НА: Нет. Кухню не обсуждали, так как обсуждать было нечего (из-за тотального дефицита). Искусство обсуждали вместе, правда, женщины молчали – высказываться считалось неприличным. При общении с иностранными художниками – такого не было. Впервые я попала в компанию, где были равноправные и паритетные условия для высказывания, в начале 2000‐x в компании культурологов и исследователей иудаики в среде русскоговорящих израильтян. И была очень удивлена, что женщин слушают, не перебивают и им отвечают.
ОА: Как вы сами можете охарактеризовать искусство женщин круга МКШ. Можно ли выделить какие-то общности между разными художницами вашего круга – Ириной Наховой, Натальей Абалаковой, Еленой Елагиной, Марией Константиновой, Верой Хлебниковой, Надеждой Столповской?

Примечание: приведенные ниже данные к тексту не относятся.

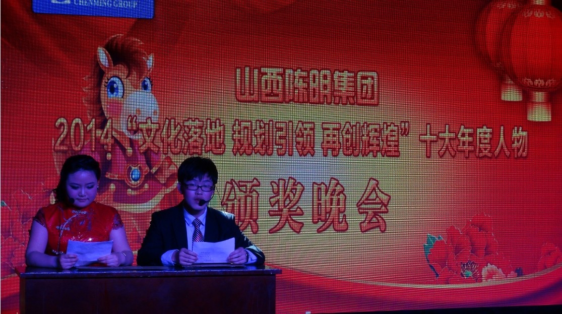 2014年2月16日15時許,陳明集團2014“文化落地、規(guī)劃引領(lǐng)、再創(chuàng)輝煌”十年度人物頒獎聯(lián)歡會于桔子酒店隆重開幕。本次聯(lián)歡會對陳明的十大人物給予了表彰,并邀請每位員工家屬到場觀看員工們自編自演的節(jié)目。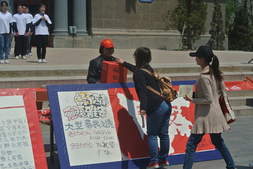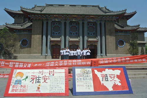为了表达“河大学子心系灾区,全国人民情系灾区”的关切心情,同学们自发组织募捐义演活动。活动伊始,主持人对地震的相关常识做了普及并简要介绍了雅安赈灾的进展。他们用朗诵、合唱等形式来表达对雅安的祝福。灾难无情人有情,青协的同学们用一首《承诺》道出了众志成城救灾的勇气,要扛起身上的责任和道义,一个承诺就是一份担当。新闻与传播学院的同学饱含深情地朗诵《写给雅安》让在场同学为之动容,一方有难,八方支援,表现出了同学们对灾区由衷的祝福。路过义演现场的农民艺术家黄河风先生也即兴为雅安赋诗,短短的几句话却含着浓浓的情。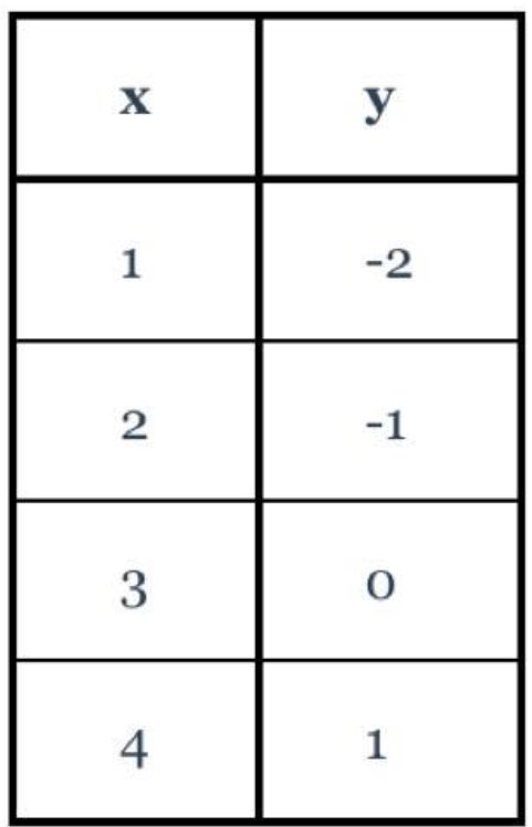 What equation represents the function table below?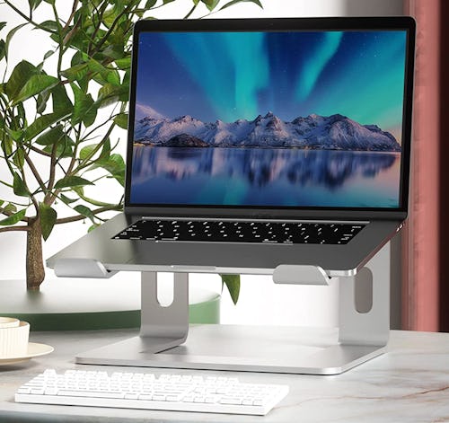 "Ensure your workstation is set up with your monitor, chair, and desk at proper heights that allow for good posture,” says Baex. Hunching over to look at a laptop screen will cause neck pain. Lift that screen up so you sit up straight when looking at it and you can prevent that. This laptop stand is an easy, affordable solution. It comes in nine colors and snaps apart so you can drop it in a travel bag.

НА: Думаю, что идея о «стройных рядах МК» – это миф. Это было и остается собранием в высшей степени талантливых художников, очень разных, в том числе и женщин, каждый из которых шел и продолжает идти своим путем. Единственное, что их объединяет, – это то, что без них в России не было бы современного искусства.
ОА: Знали ли вы об «амазонках русского авангарда» в 1970–1980‐x годах? Какое впечатление они на вас производили?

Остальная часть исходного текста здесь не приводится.